Sonora.ID - Sachimi Mochizuki telah bekerja di Jepang selama dua dekade, tetapi dia tidak pernah libur selama menstruasi.
Melansir CNN, Mochizuki merasa beruntung karena menstruasi bukanlah masalah besar. Tapi dia juga enggan menggunakan hak cuti lama Jepang karena itu akan melibatkan memberi tahu manajernya, yang kebanyakan adalah laki-laki, bahwa dia sedang menstruasi.
"Ini sangat pribadi dan, terutama di Jepang, itu masih agak tabu," kata Mochizuki, yang bekerja di sebuah perusahaan ternama di Jepang.
Baca Juga: Dokter Boyke: Menstruasi Dini Berisiko Timbulkan Kanker Payudara
"Kami tidak ingin membicarakannya dengan pria mana pun."
Hak cuti periode Jepang telah ada selama lebih dari 70 tahun, dan negara tersebut tidak sendirian di Asia yang memiliki kebijakan semacam itu. Korea Selatan mengadopsi cuti haid pada tahun 1953. Dan di Cina dan India, provinsi dan perusahaan semakin mengadopsi kebijakan cuti haid dengan berbagai hak.
Pemandangan di belahan dunia lain, bagaimanapun, terlihat sangat berbeda. Kebijakan cuti haid hampir tidak ada di Amerika Serikat, Inggris, dan Eropa.
Dan bahkan di negara-negara yang memiliki cuti haid, para feminis berbeda pendapat tentang apakah cuti haid merupakan langkah mundur atau tanda kemajuan dalam hal hak-hak perempuan.
Baca Juga: Masturbasi Saat Menstruasi, Amankah? Begini Penjelasannya
Beberapa berpendapat bahwa hal itu sama pentingnya bagi perempuan yang bekerja sebagai cuti melahirkan, sementara yang lain mengatakan bahwa hal itu membuat perempuan kurang mampu daripada laki-laki dan dapat menyebabkan diskriminasi lebih lanjut.
Jepang memperkenalkan kebijakan cuti haid pada tahun 1947 untuk mengatasi masalah hak-hak tenaga kerja.
Setidaknya selama satu dekade, pekerja pabrik perempuan telah diberikan cuti untuk memberi mereka penangguhan dari kerja keras dan kondisi sanitasi yang buruk, sambil berjuang dengan nyeri haid.
Baca Juga: Hati-Hati!

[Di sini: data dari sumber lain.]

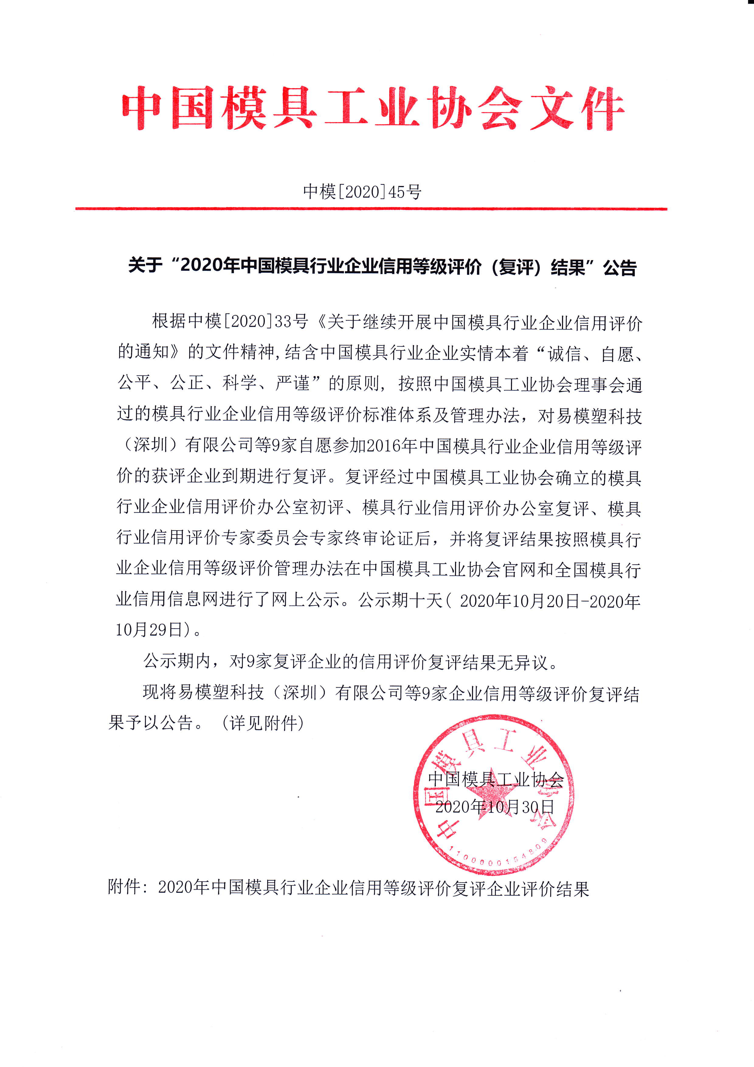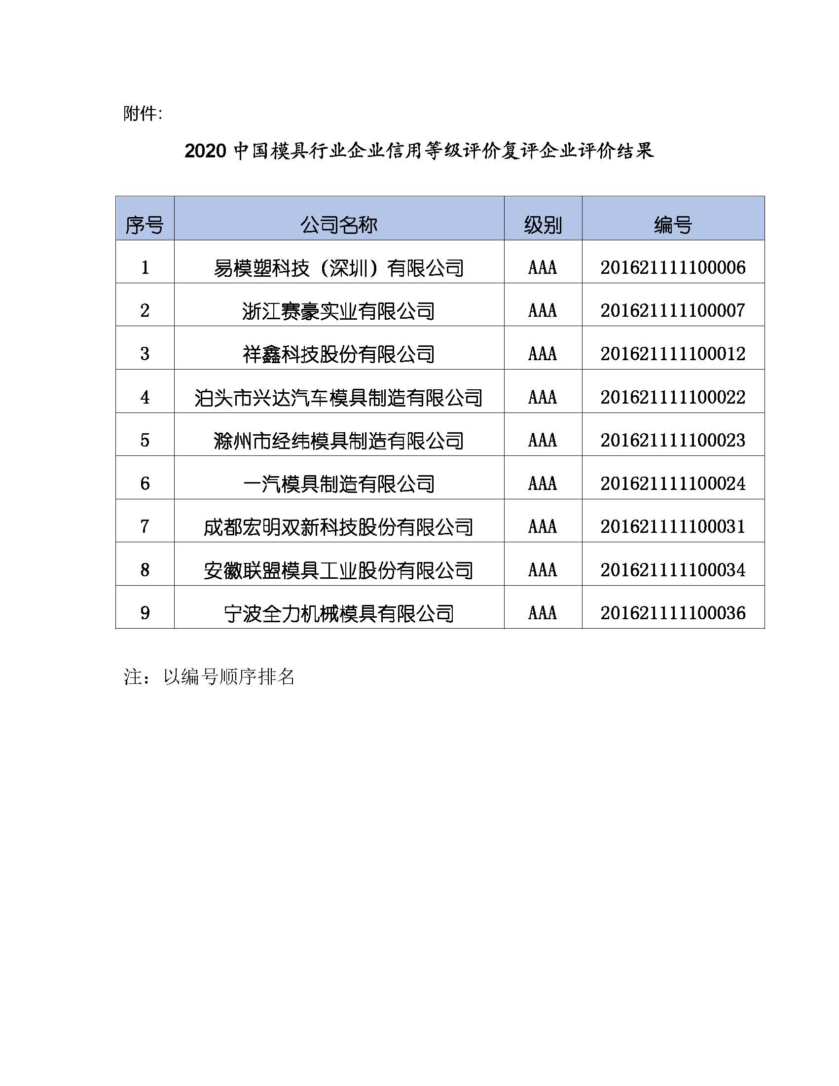 關于“2020年中國模具行業企業信用等級評價(復評)結果”公告

Inilah Minuman yang Harus Dihindari Saat Menstruasi
Setelah kekalahan Jepang dalam Perang Dunia II, negara tersebut menulis cuti dalam undang-undang ketenagakerjaan yang baru sebagai hak untuk semua karyawan wanita yang menstruasinya "sangat sulit".
Pada awalnya, ada peningkatan yang relatif tinggi - sekitar 26% pada tahun 1965, menurut media lokal . Perkiraan bervariasi pada proporsi wanita di seluruh dunia yang mengalami dismenore, atau nyeri haid yang sangat parah sehingga mengganggu aktivitas sehari-hari, tetapi semuanya menunjukkan bahwa itu adalah kondisi yang umum.
Seiring berjalannya waktu, lebih sedikit wanita yang mengambil pilihan. Sebuah survei pemerintah Jepang pada tahun 2017 menemukan bahwa hanya 0,9% karyawan wanita yang mengklaim cuti haid.
Di Korea Selatan, penggunaan juga menurun. Dalam survei 2013, 23,6% wanita Korea Selatan menggunakan cuti. Pada 2017, angka itu turun menjadi 19,7%.
Ada beberapa alasan yang mungkin bisa menjelaskan hal ini. Meskipun semua perusahaan di Jepang harus memberikan cuti haid kepada perempuan ketika mereka memintanya, mereka tidak diharuskan membayar.
Dan beberapa wanita bahkan mungkin tidak tahu bahwa itu tersedia bagi mereka, karena perusahaan biasanya tidak mengiklankannya, kata Yumiko Murakami, kepala Pusat Tokyo Organisasi untuk Kerja Sama dan Pembangunan Ekonomi (OECD).